Unscientific pondering from the swing has led to a determination of the three most common DG misconceptions held by the public.

  1. HazMat = HazWaste. When I tell anyone what my job is, the most common response is that it is wonderful that someone is willing to deal with hazardous waste, because they themselves would be too frightened to deal with such nasty stuff. Oh, my. I’m sure we “experts” all know that quite a bit of HazMat (DG) isn’t waste, but apparently the general public doesn’t know this.
  2. If I can buy it in a grocery store, it cannot be DG. Clearly if hand sanitizer and batteries can be bought in many grocery stores, then DG is sold there.
  3. Only chemicals can be HazMat. Batteries are articles, and not chemicals. Alcohol wipes aren’t bottles or jars of chemicals. Pressurized struts and shock absorbers aren’t chemicals. Fireworks are articles, articles that may contain chemicals, but still articles. Self-inflating life rafts. Fuel cells. Matches. Do I need to go on?

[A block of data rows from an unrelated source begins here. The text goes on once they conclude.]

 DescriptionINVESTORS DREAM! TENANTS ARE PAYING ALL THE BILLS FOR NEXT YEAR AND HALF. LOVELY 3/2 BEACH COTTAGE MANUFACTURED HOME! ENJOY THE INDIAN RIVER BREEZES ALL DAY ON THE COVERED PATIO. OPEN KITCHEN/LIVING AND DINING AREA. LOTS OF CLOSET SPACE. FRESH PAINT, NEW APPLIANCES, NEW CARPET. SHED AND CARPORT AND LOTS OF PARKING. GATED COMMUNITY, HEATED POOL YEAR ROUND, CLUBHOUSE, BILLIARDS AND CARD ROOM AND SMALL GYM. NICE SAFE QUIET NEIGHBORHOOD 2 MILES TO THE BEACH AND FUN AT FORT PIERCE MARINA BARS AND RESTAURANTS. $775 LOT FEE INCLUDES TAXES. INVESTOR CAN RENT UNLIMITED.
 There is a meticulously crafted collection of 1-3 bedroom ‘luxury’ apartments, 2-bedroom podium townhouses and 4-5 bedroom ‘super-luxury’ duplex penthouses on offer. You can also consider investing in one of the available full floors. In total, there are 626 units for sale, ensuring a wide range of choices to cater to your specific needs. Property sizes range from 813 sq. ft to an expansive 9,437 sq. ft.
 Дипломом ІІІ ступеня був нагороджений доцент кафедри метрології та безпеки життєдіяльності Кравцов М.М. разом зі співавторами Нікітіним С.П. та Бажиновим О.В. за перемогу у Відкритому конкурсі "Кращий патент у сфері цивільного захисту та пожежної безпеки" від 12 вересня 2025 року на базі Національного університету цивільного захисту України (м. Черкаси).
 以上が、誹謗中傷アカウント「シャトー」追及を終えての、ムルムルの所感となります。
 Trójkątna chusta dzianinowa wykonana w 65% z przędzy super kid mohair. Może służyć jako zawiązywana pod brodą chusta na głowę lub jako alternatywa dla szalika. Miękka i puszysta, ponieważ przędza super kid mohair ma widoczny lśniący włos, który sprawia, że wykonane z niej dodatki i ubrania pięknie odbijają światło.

We all want safety. But if one of world’s biggest passenger air carriers e-mails BS to the general public, and if some of the regulators don’t communicate accurately, then how is the public to know what’s DG? If the public doesn’t know what’s DG, how can we expect them to comply with DG rules? And not just carrying DG on planes or HazMat in luggage, but whenever offering a shipment to a courier. I know of an administrative assistant that got a multi-billion euro company in trouble for sending toiletries overnight, undeclared, via parcel carrier to a vice-president whose luggage had been lost. If the public can’t comply with DG regulations, because we can’t explain to them what is DG and what isn’t DG, then how are we going to get the safety we want? My teenager was late (or not) because her parents didn’t make the rules clear and understandable. The consequences though, of HazMat undeclared through ignorance or confusion can be much worse than those of a late-arriving teenager. We, regulators, carriers, consultants, trainers, security folks, and anyone else involved in DG had better get our message clarified and accurate.

Better late than never. Better now than later.